SpringCloud——分布式搜索elasticsearch之自动补全

最新推荐文章于 2024-05-14 15:13:43 发布

原首

最新推荐文章于 2024-05-14 15:13:43 发布

阅读量603

点赞数

文章标签： elasticsearch spring cloud 分布式

本文链接：https://blog.csdn.net/qq_52227892/article/details/131117001

版权

前言：在Elasticsearch中，自动补全（Autocomplete）是一种功能，它允许用户在输入搜索词的过程中获得即时的补全建议或建议列表。自动补全功能通常在搜索框或搜索引擎的用户界面中使用，旨在提供更快速和更准确的搜索体验。简而言之：自动补全是一种搜索功能，它可以帮助我们更快速地找到我们想要的内容。你可能已经在一些网站或应用程序的搜索框中见过它。当你开始输入搜索词时，它会自动显示一些相关的建议或完成词，帮助你选择或补全你的搜索词。

举个例子，假设你在一个电商网站上搜索商品，当你输入关键词时，自动补全会立即显示一些相关的商品名称或类别供你选择。这样，你就不需要输入完整的搜索词，而是从建议列表中选择一个，这其中就使用了自动补全功能。

1、拼音分词器

什么是拼音分词器？

拼音分词器是一种在中文文本中将汉字转换为对应拼音的工具。
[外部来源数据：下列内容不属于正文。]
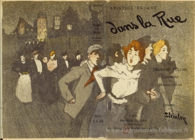Nous vous proposons une reproduction artisanale sur toile du célèbre tableau 'Dans La Rue' de Theophile Steinlen, provenant du Musée de la Reproduction.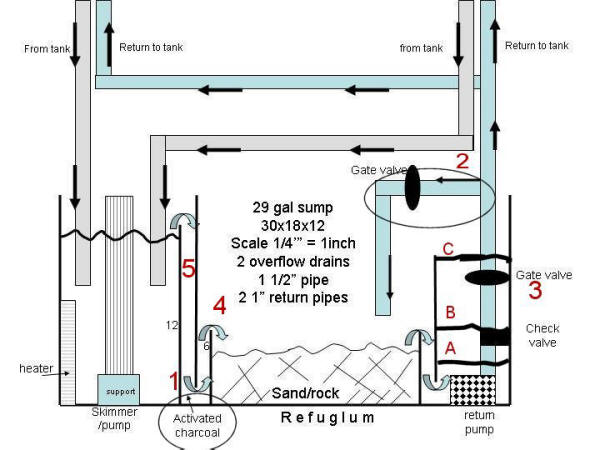 Check over my design PLEASE! True about the water flow. I would like to have 2 overflow boxes one on each side of the tank. <If this system is not yet filled, up and running, I strongly encourage you to have it drilled, fitted with permanent overflows> Then pvc piped to the first tanks. The first tank will have partial filtering and then bio balls. I ended up making the refugium on the weekend. I made it like a pond in my basement. I made it 5 feet by 3 feet by 1.5 feet high. I plan on putting corals and live rock in there after I get everything running smooth. To see. But if I bought crushed coral would it be better in the tank or in the refugium. <Either, both> Then put just sand in the tank? I decided on using 2 skimmers because of this article I read. IT said that you need 2 minutes for a air bubble to fully attach itself to the nitrite. <Mmm, not so... though the more time in contact, generally the better. But fine to have just one good skimmer> Then it said that a 5 inch skimmer is perfect. So I thought that I would go a bit smaller and go with two. Won't hurt to go with two. My biggest question was about lighting. Metal halides are the way to go. I'm thinking 2 MH 15,000k, what other lighting would I need I know florescent. But which ones do you think? Thanks <I think you should be studying... on WWM, elsewhere. Please take your time here... consider lots of inputs... the rationale behind them... make up your own mind. Bob Fenner> Cross brace in the way 5/6/05 Hello, thanks for all the info. <You are always welcome :)> I have a 75 gallon reef ready, it came with only one overflow located in the left corner. The cross brace is directly in the middle of the tank and sits very low. The brace prevent the surface water on the right side from making it to the overflow, so I am left with stagnant surface water on that side. I have tried everything short of installing a hang on siphon (which I don't want to do). <agreed... please don't> Can you think of anything I can do to get this scummy surface water back into the column water so it can be skimmed out in the sump? <the overflows were built too high, and are not easily corrected. Instead it may be better to seal in some thin Euro-style bracing (narrow strips of glass sealed at the top of the tank and perpendicular to the vertical panes). Then... the center brace can be safely cut out> Also, would it cause any problems if I converted the return line coming from inside the overflow box to another Durso (sp) stand pipe? <That is a very good idea> My sump is fed by one stand pipe located in the overflow. My return pump is too big for the single pipe so I have it restricted, losing out on some circulation from the pump. Thanks for all the help. Travis Hunt <best of luck/life. Anthony> Marine Plumbing Hi to everyone at wet web <Hello> You guys do a great job. <Thanks> I am in the process of upgrading my tank. The tank is 1060mm x 915mm x 700mm. I was planning on a sump to house all the gear, a refuge for algae to grow etc, and another small refuge for pods to grow etc sitting on top of the tank. <Okay> With the water coming out from the tank, I was planning on splitting it up so that some of the water went to the skimmer and the rest going into the refuge. I have read that the water from the tank should go to the skimmer first, also read that all the water should the refuge first? <Mmm, you can have go to both first...> confused, can see both sides, is splitting a option? <Sure> once water has been thru the refuge and skimmer it will go to the main sump to be pumped back to the main tank. Does this make sense and will this be ok. <Will be okay> The amount of water coming from the tank is about 5000 - 6000 ltr per hour. I was planning on having the refuge about 12 - 15cm wide x 40cm high x 60cm long, what would the ideal flow rate thru here be? <A few to a handful of actual volumes per hour is about right> The small refuge on top that will flow straight into the main tank. the only purpose for this is for pods etc to grow. I'm I right in saying that it won't need any light, would it be able to have a low flow rate flowing thru, 600ltr per hour? <Could or not> The size will be small, maybe about 10 - 15 ltrs. filled with a bit of rock , sand and a few coral fingers. Thanks for the help Tim <Sounds like you're well on your way on a workable plan. Bob Fenner> Overflow and return pump Dear Bob, <James for vacationing Bob> I recently purchased a 110 gallon tall aquarium. This is going to be set-up as a FOWLR. The majority of biological filtration I plan on is live rock and sand. My question is with the sump. I have a 600GPH overflow and was wondering the size of the pump I should get. I'll probably have at least 4' of head, and I also want to maybe run a few returns. I was reading an article saying that if you want more returns to get a bigger pump. So with this in mind I was thinking of a Rio 3100 or a Mag 9.5. My question is how big? Any specific models are greatly appreciated. <Sam, with a 110 gallon tank, I would want a minimum of 1100 gph going through the system. Of course you can accomplish this by adding power heads along with your sump pump to make up the difference. With a 4' head you will lose a little over 50gph. The Mag 9.5 should work for you. I would put a ball valve on the output in case you need to cut the flow down should the overflow box not handle it. James (Salty Dog)> Help w/upgrade please I currently have a 72 gallon bow front reef tank (non reef ready). I currently have 96 lbs of live rock and 40 lbs of live sand over 50 lbs of aragonite substrate. I am looking to upgrade to a sump/refugium/protein skimmer combo (currently have all hang ons and it's killing me). <Ahh, you'll like the change for sure> Is it possible for me to NOT utilize my cabinet, instead I would like to place the sump/refugium/protein skimmer combo to the left of my display tank almost the same height of my display tank. <Yes, possible> I want to include m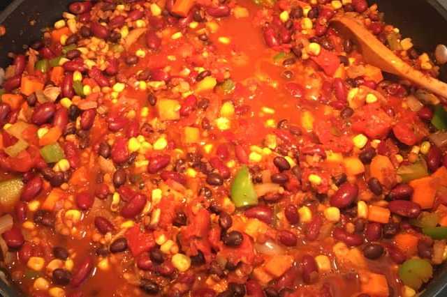 350g à 450g de fèves rouges cuites, 1 oignon, 8 champignons coupés en quatre, 2 carottes coupées en tranches, 500mL d’eau, 125mL de purée de tomates concentrée, 100mL de vinaigrette, fines herbes, tomates et basilic, 1 càs de thym séché, 30g de persil frais haché.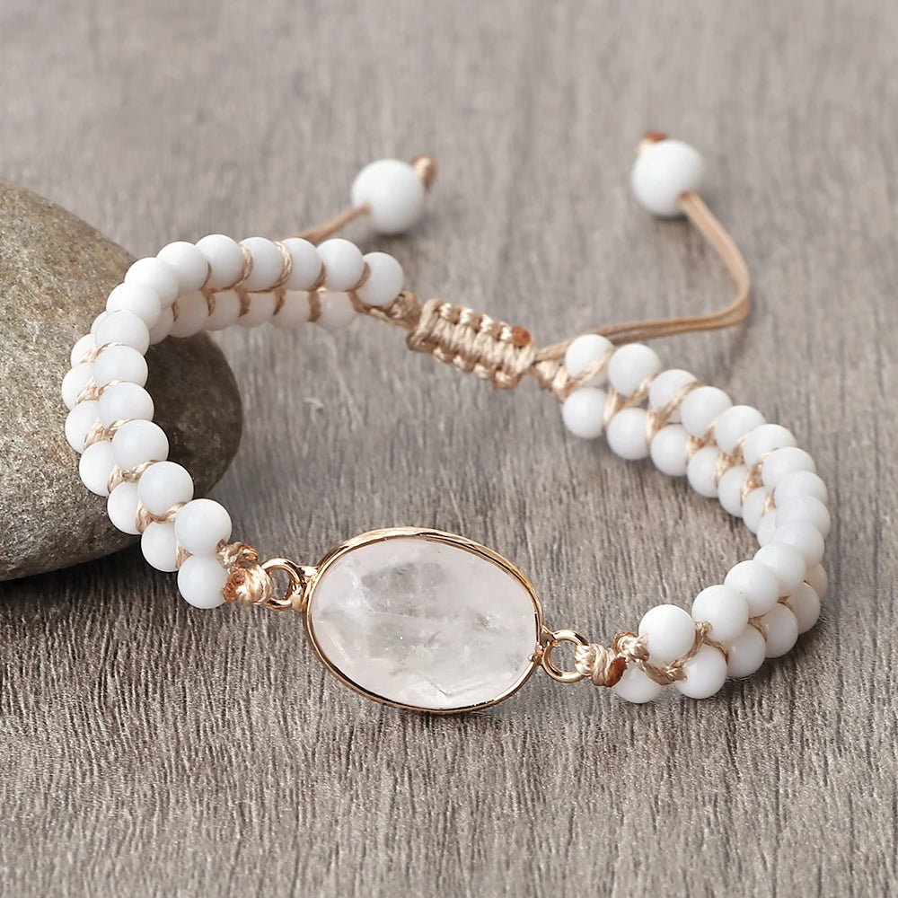 This handmade braided bracelet features 4mm mini glass beads of howlite, offering a calming and spiritual touch. Perfect for both men and women, this unisex bracelet is adjustable, making it ideal for yoga, prayer, or as a thoughtful gift to enhance mindfulness and well-being.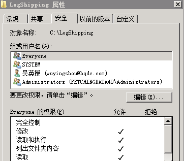 在主服務(wù)器上建立共享目錄C:\LogShipping\primary 具有作業(yè)訪問權(quán)限
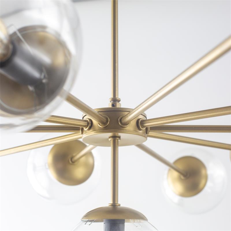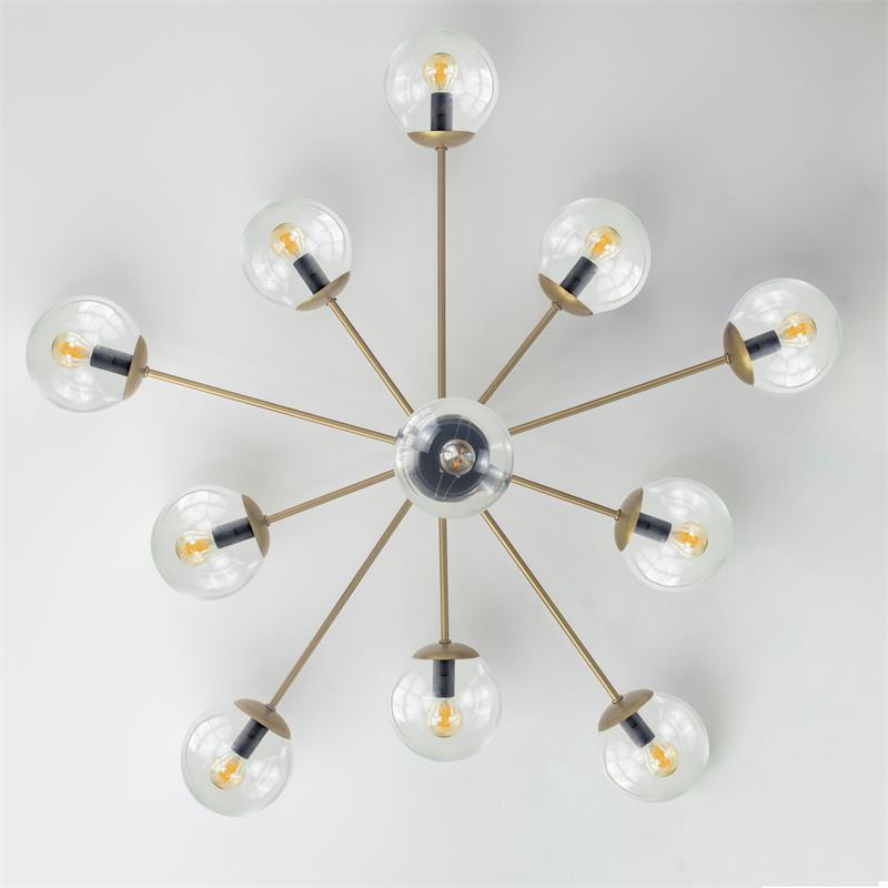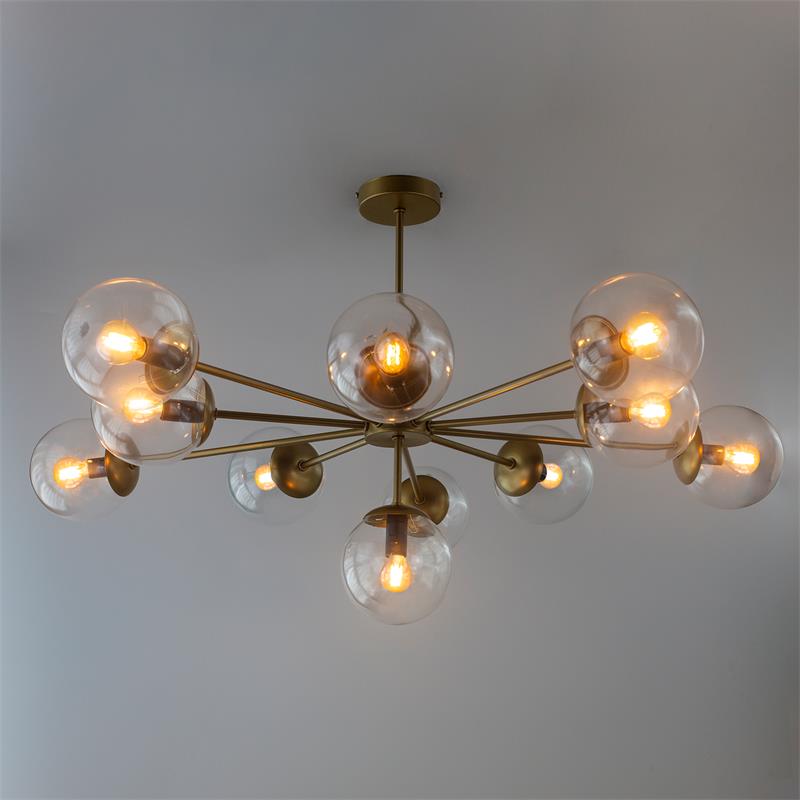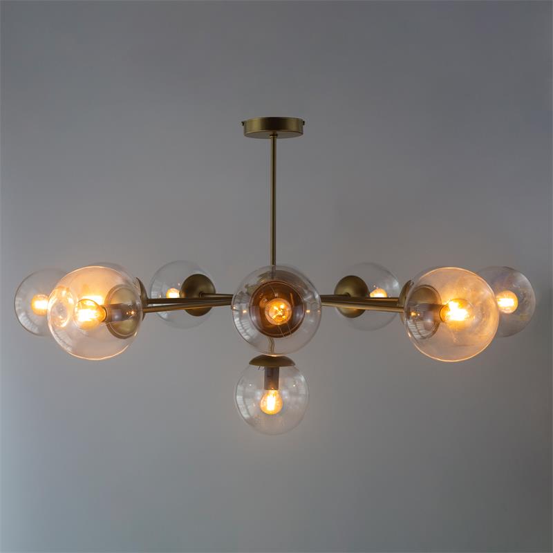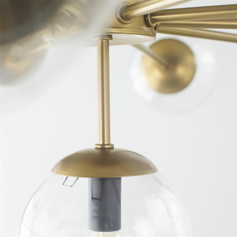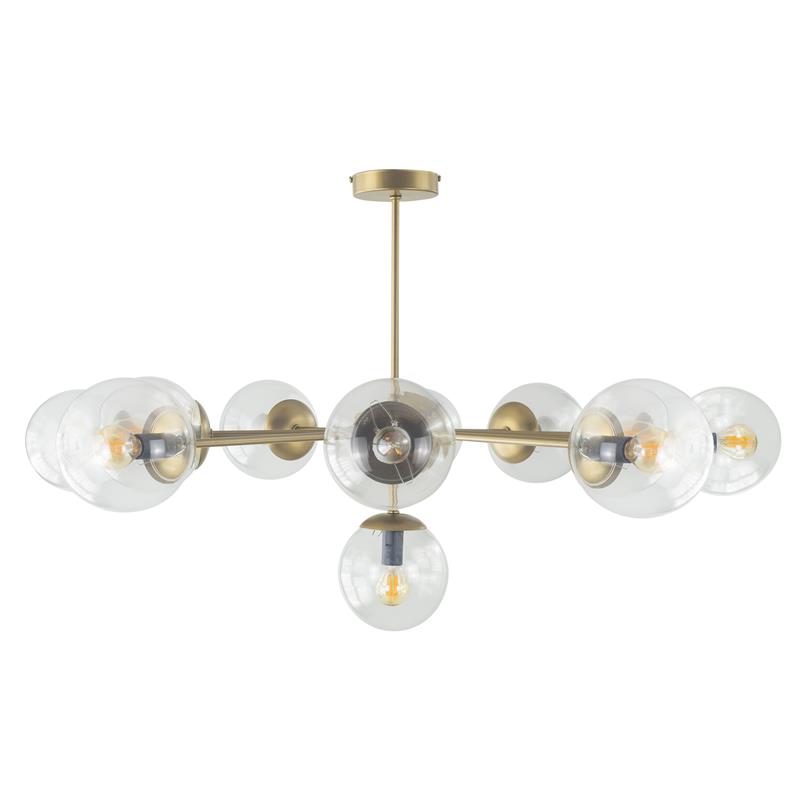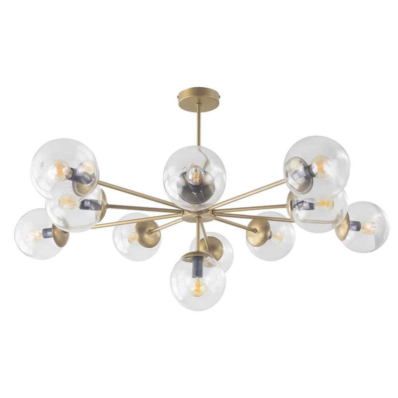 Serie PATRICIA. Fabricado en metal en color dorado ,vidrio transparente , . Para su funcionamiento requiere 11 bombilla con casquillo E14. (bombillas no incluidas en la caja) .Apta para bombillas de tecnología Led cuya potencia máxima admitida por casquillo es de 15W. Con unas dimensiones de 94cm ancho por 94cm de profundo y 55cm de alto y un peso real aproximado de 4050 gramos.Muy fácil de limpiar con una gamuza humedecida en agua y jabón neutro, te recomendamos que evites el uso de productos químicos que puedan dañarla.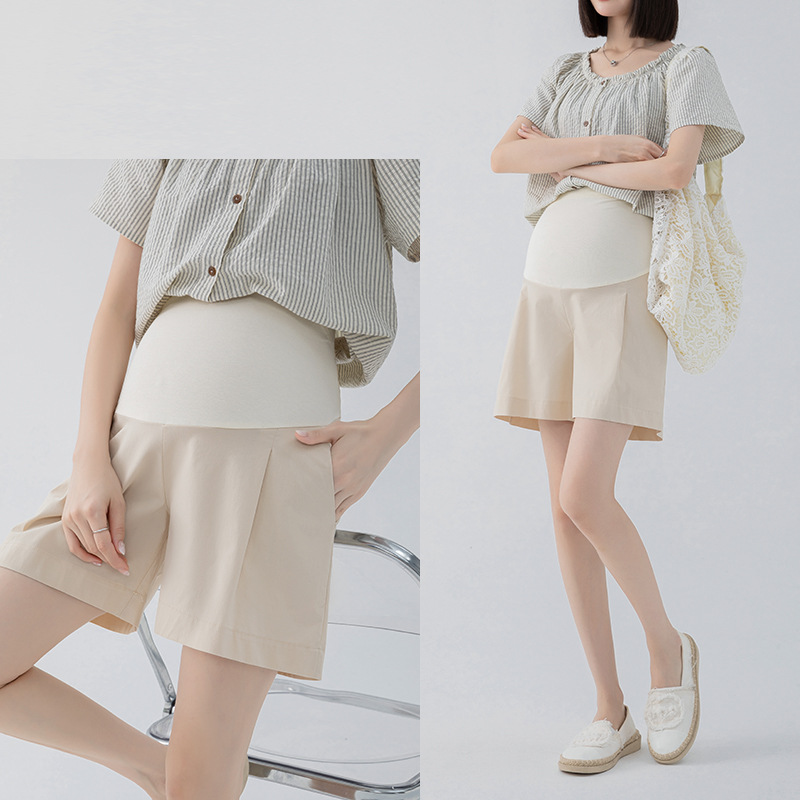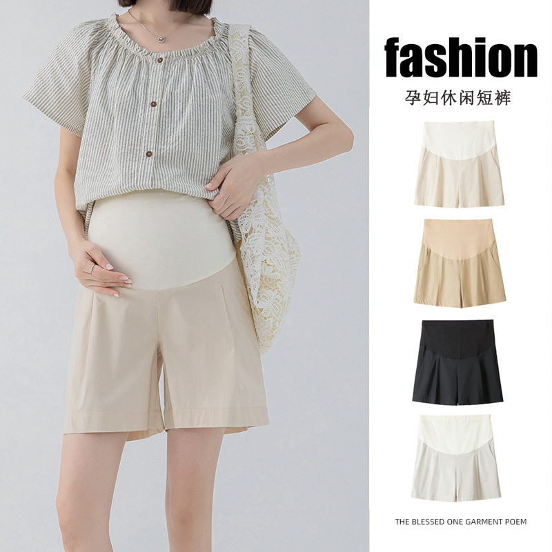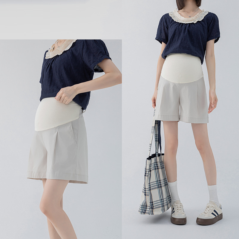 Real shot in stock 2024 summer new simple all-match breathable refreshing five-point belly drag pregnant women shorts

它可以将中文文本分解为拼音首字母或完整拼音，并将其作为词汇进行索引和搜索。
下载拼音分词器：https://github.com/medcl/elasticsearch-analysis-pinyin

首先我们需要下载文件，并将文件上传到ES的插件挂载目录：
所需文件：
在这里插入图片描述

上述文件是如何得到的https://github.com/medcl/elasticsearch-analysis-pinyin
拼音分词器需要在Github上下载，并通过maven打包才能得到名为elasticsearch-analysis-pinyin-7.12.1.jar的jar包，具体内容不再赘述。

使用命令查看es插件的挂载目录：

docker volume inspect 卷名

我们的插件卷名是：es-plugins

[root@localhost ~]# docker volume inspect es-plugins
[
    {
        "CreatedAt": "2023-04-04T19:36:05+08:00",
        "Driver": "local",
        "Labels": null,
        "Mountpoint": "/var/lib/docker/volumes/es-plugins/_data",
        "Name": "es-plugins",
        "Options": null,
        "Scope": "local"
    }
]
[root@localhost ~]#

进入目录：/var/lib/docker/volumes/es-plugins/_data
将文件上传到此文件夹：
在这里插入图片描述

POST /_analyze
{
  "text":["value"],
  "analyzer": "pinyin"
}

上述代码是对文本进行分词的操作，其中value是我们要分词的文本，pinyin使用的分词器。

测试使用拼音分词器：
在这里插入图片描述

2、自定义分词器

使用拼音分词器并不能完美的分词我们要设置一些参数

#自定义分词器
PUT /test
{
  "settings": {
    "analysis": {
      "analyzer": {
        "my_analyzer":{
          "tokenizer": "ik_max_word",
          "filter": "py"
        }
      },
      "filter": {
        "py":{
          "type": "pinyin",
          "keep_full_pinyin": false,
          "keep_joined_full_pinyin": true,
          "keep_original": true,
          "limit_first_letter_length": 16,
          "remove_duplicated_term": true,
          "none_chinese_pinyin_tokenize": false
        }
      }
    }
  }, "mappings": {
    "properties": {
      "name":{
        "type": "text",
        "analyzer": "my_analyzer",
        "search_analyzer": "ik_smart"
      }
    }
  }
}

“type”: “pinyin”：指定使用拼音过滤器进行拼音转换。
“keep_full_pinyin”: false：表示不保留完整的拼音。如果设置为true，则会将完整的拼音保留下来。
“keep_joined_full_pinyin”: true：表示保留连接的完整拼音。当设置为true时，如果某个词的拼音有多个音节，那么它们将被连接在一起作为一个完整的拼音。
“keep_original”: true：表示保留原始词汇。当设置为true时，原始的中文词汇也会保留在分词结果中。
“limit_first_letter_length”: 16：限制拼音首字母的长度。默认为16，即只保留拼音首字母的前16个字符。
“remove_duplicated_term”: true：表示移除重复的拼音词汇。如果设置为true，则会移除拼音结果中的重复词汇。
“none_chinese_pinyin_tokenize”: false：表示是否对非中文文本进行拼音分词处理。当设置为false时，非中文文本将保留原样，不进行拼音分词处理。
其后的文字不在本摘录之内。